Después de llegar del paseo, pasamos el resto de la tarde jugando Monopoly con mi mamá. Era uno de mis juegos de mesa preferidos. La mayoría de las veces yo salía vencedora. Tenía una suerte especial con los dados. Si este juego hubiera sido real, sería millonaria.

     La hora de la cena llegó y decidimos pedir pizza: nuestra comida favorita de los sábados. Lo que más nos gustaba es que no tardaba en llegar. Lo curioso era que la entregaba una chica. Y digo «curioso» porque era raro ver a una mujer repartiendo pizzas. Siempre le decía a mi mamá que le diéramos una merecida propina.

     Cada sábado, una de nosotras tenía que buscar una película en el repertorio de Netflix. A nadie le gustaba tener esa responsabilidad, porque era una tarea complicada elegir entre tantas. A la que más le costaba era a mi mamá. Elizabeth, por otra parte, no se tardaba mucho. El día de hoy me tocaba a mí. Tomé el control de la televisión e inicié una búsqueda minuciosa. Me decidí por una de terror: la segunda de El conjuro.

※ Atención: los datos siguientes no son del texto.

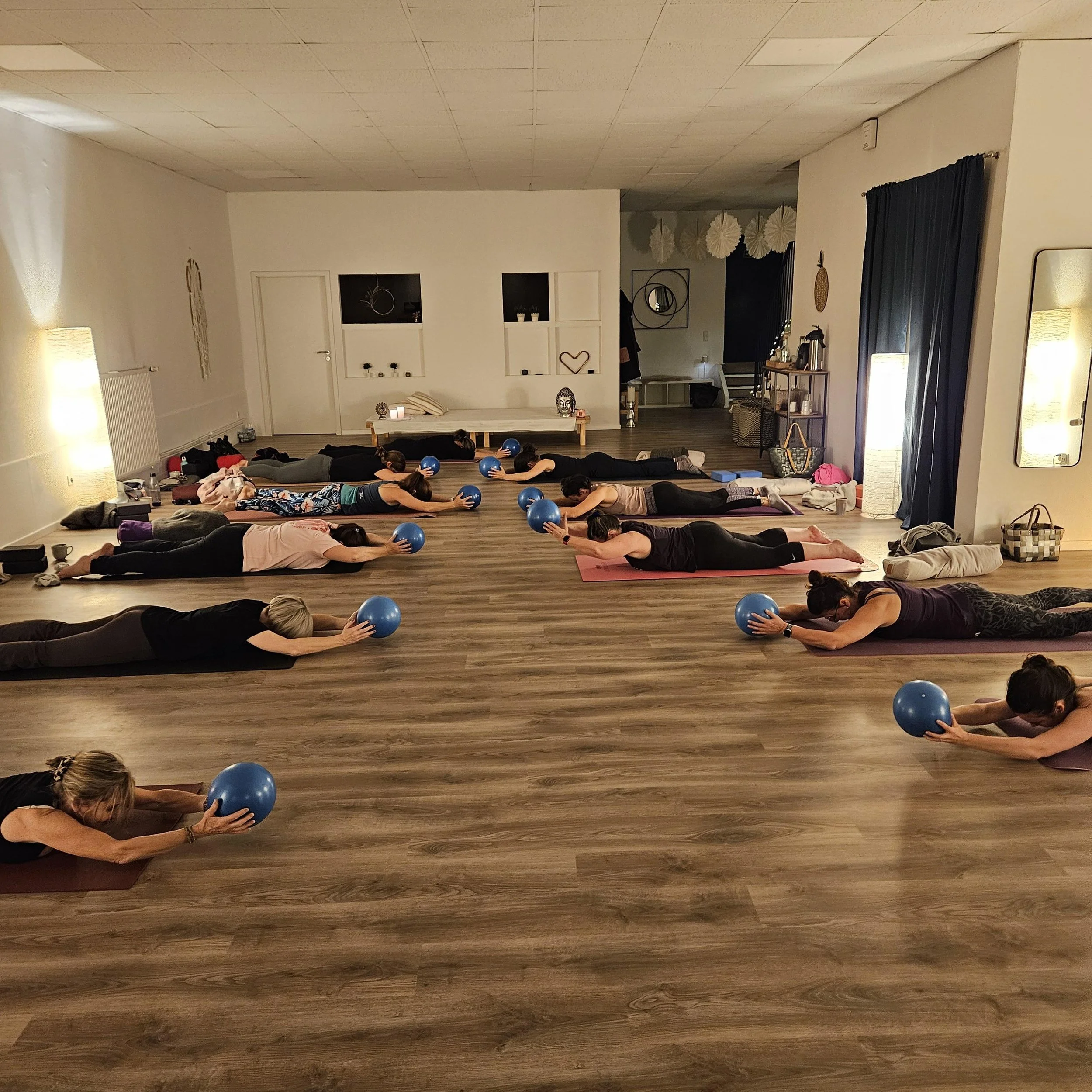 Luftig und offen, lädt Dich mein Raum ein, in der Bewegung zu fließen und bietet Dir genug Platz um die Dynamik in den Stunden zu erfahren.

     —¿Creen que dé miedo? —pregunté, acomodándome en mi sofá preferido—. Recuerdo que vimos la primera y no estuvo mal. Pero no consiguió sacarme un susto. Espero que esta sí lo logre.

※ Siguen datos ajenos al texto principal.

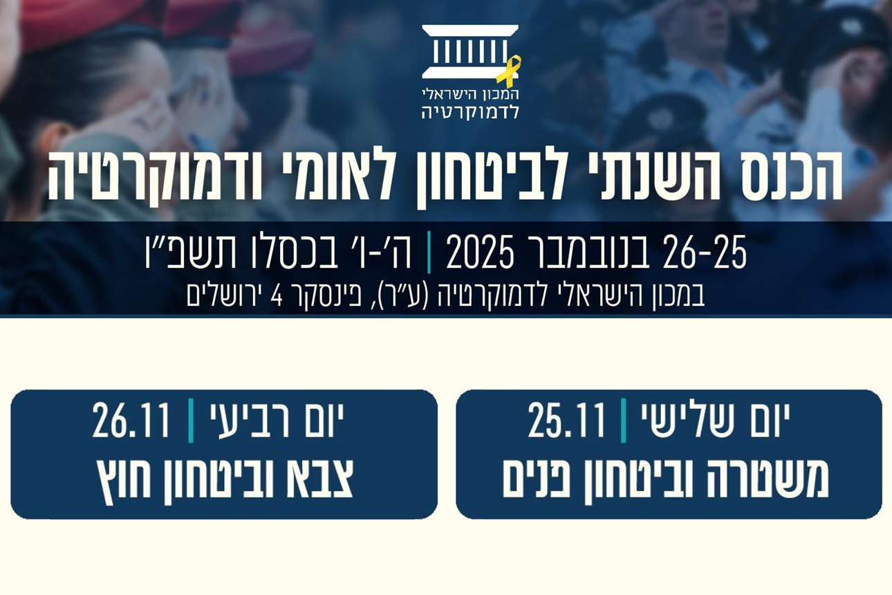 הכנס השנתי לביטחון לאומי ודמוקרטיה 2025, המתקיים על-רקע תמורות משמעותיות בביטחון הפנים והחוץ, יעסוק בסוגיות המרכזיות שעל סדר היום הציבורי המצויות בתפר שבין ביטחון ודמוקרטיה. היום הראשון של הכנס יוקדש לעיסוק בעולמות של ביטחון פנים ושיטור, במסגרתו נדון, בין היתר, בהתמודדות עם משבר הפשיעה החמורה בישראל, בשיטור הפגנות, בתמורות במדיניות רישוי הנשק הפרטי בישראל, ובתפקיד המשטרה בהבטחת תקינות וטוהר הבחירות בואנו שנת הבחירות לכנסת ה-26. היום השני יוקדש לעיסוק בעולמות של צבא וביטחון חוץ, במסגרתו נדון, בין היתר, במערך המילואים לאחר שנתיים של לחימה, בביקורת שיפוטית על פעילות מבצעית, ובאתגרים עמם מתמודדת מדינת ישראל במישור הבינלאומי. בהשתתפות גורמי ממשלה, שלטון מקומי, חברה אזרחית, אקדמיה וארגוני ביטחון ואכיפת חוק. הכנס יתקיים ב-26-25 בנובמבר 2025 במכון הישראלי לדמוקרטיה, פינסקר 4, ירושלים. הכנס למוזמנים בלבד וישודר בשידור חי באתר המכון. ייתכנו שינויים בתוכנית הכנס. לפרטים נוספים: ריטה רוסין, 02-5300849.

     —A ti nada te da miedo lo paranormal, Elena —me respondió Elizabeth, encogiéndose de hombros.

     Al tiempo que mirábamos la película, no pude evitar tener la sensación de comer. A veces tenía episodios de lo que llamaban «hambre emocional». Necesitaba comer mucho y, si era algo dulce, mejor. Mi mamá, al darse cuenta de mi problema, decidió ponerse más estricta con lo que comía.

     Pude contener mi hambre y me concentré en la película hasta que llegó a su final. No me quedé con una buena sensación; la primera fue mucho mejor... o probablemente Elizabeth tenía razón: mi miedo hacia las cosas paranormales se había esfumado.

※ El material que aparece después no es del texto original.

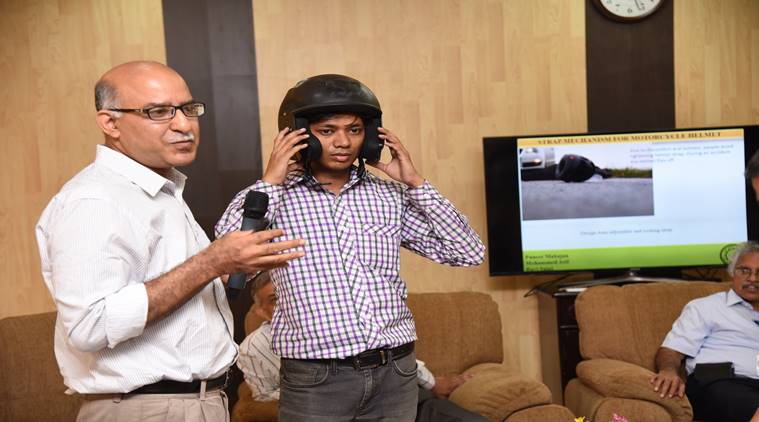 Prof Puneet Mahajan demonstrating Automatic Strap Mechanism (ASM) for motorcycle helmet at IIT Delhi Open House 2017
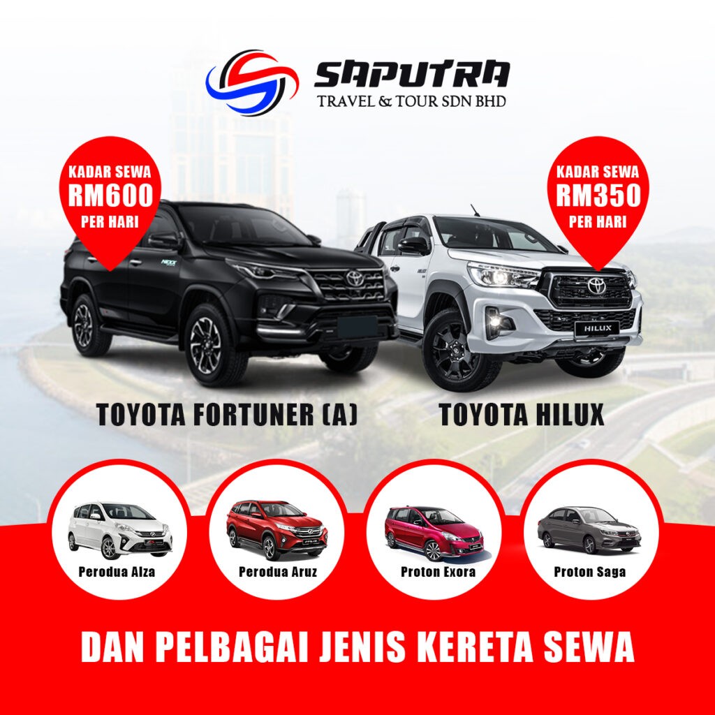 Saputra Travel & Tours Sebuah agensi pelancongan yang terlibat dalam bidang sewa kereta dan industri perniagaan pelancongan sejak tahun 2015. Kami menyediakan perkhidmatan sewa kereta, lawatan masuk, lawatan persiaran tempatan, homestay, resort dan hotel.

     Ya era hora de irse a la cama. La buena noticia era que Elizabeth se iba a quedar a dormir conmigo. En realidad, lo hacía la mayoría de los sábados, debido a que las películas terminaban tan tarde que no se podía ir a su casa. Todas las ocasiones en las que se quedaba, jugábamos a un juego que nombramos: «Hacernos preguntas comprometedoras». Y la única regla era que estábamos obligadas a responder con sinceridad.

     —Creo que ya sabes lo que toca —me dijo Elizabeth, y se sentó en la cama con las piernas cruzadas.

     —Por supuesto, boba.

     —Yo primero. —Levantó la mano derecha. Se pareció a la chica inteligente del salón cuando el profesor pedía la opinión de alguien.

     —Como gustes, chica sexy de cabello morado.

     —¿Alguna vez te has besado con Edward? —me preguntó, poniendo una mano sobre su boca.

     —Empezaste fuerte —Arqueé una ceja para hacerle saber que su pregunta no me había simpatizado.

     Edward era un chico que venía de visita todos los años para las épocas de Navidad. Sus padres eran muy buenos amigos de los míos, por tanto, disfrutaban mutuamente de su compañía. Podría decir que se convirtió en una tradición tenerlos con nosotros casi todo el mes de diciembre.

     —No niegues que te gusta y que es tu amor platónico —insistió Elizabeth.

     —A ver —respondí por fin—, no puedo negar que está guapo, pero de ahí a ser mi amor platónico... no lo creo. Y, con respecto a lo otro: no, nunca lo he besado.

     —Ja, ja, ja, te creo poco.

     —Ahora voy yo. —Me froté las manos con una sonrisa maliciosa—. Mi pregunta es sencilla, ¿cuándo fue la última vez que tuviste sexo?

     —Ayer —me respondió con rapidez y sin dudarlo.

     —¡Amiga, eres una zorra! —Me reí a carcajadas. Tuve que taparme la boca con la almohada para no despertar a mi mamá.

     —Voy a ser sincera. —Movió su cuello hacia ambos lados del cuerpo. Una vez me dijo que hacía eso para desestresarse—. La verdad me gusta mucho un chico con el que estoy saliendo. No sé si quiero tener una relación ahora mismo, pero el gustito me lo doy. Tú deberías de conseguir a alguien también.

     Yo no les tomaba mucha importancia a las relaciones de pareja desde lo ocurrido con Ryan. Era tan disimulada en ese aspecto que se me había olvidado de contarle lo que pasó hoy en la tienda de pulseras.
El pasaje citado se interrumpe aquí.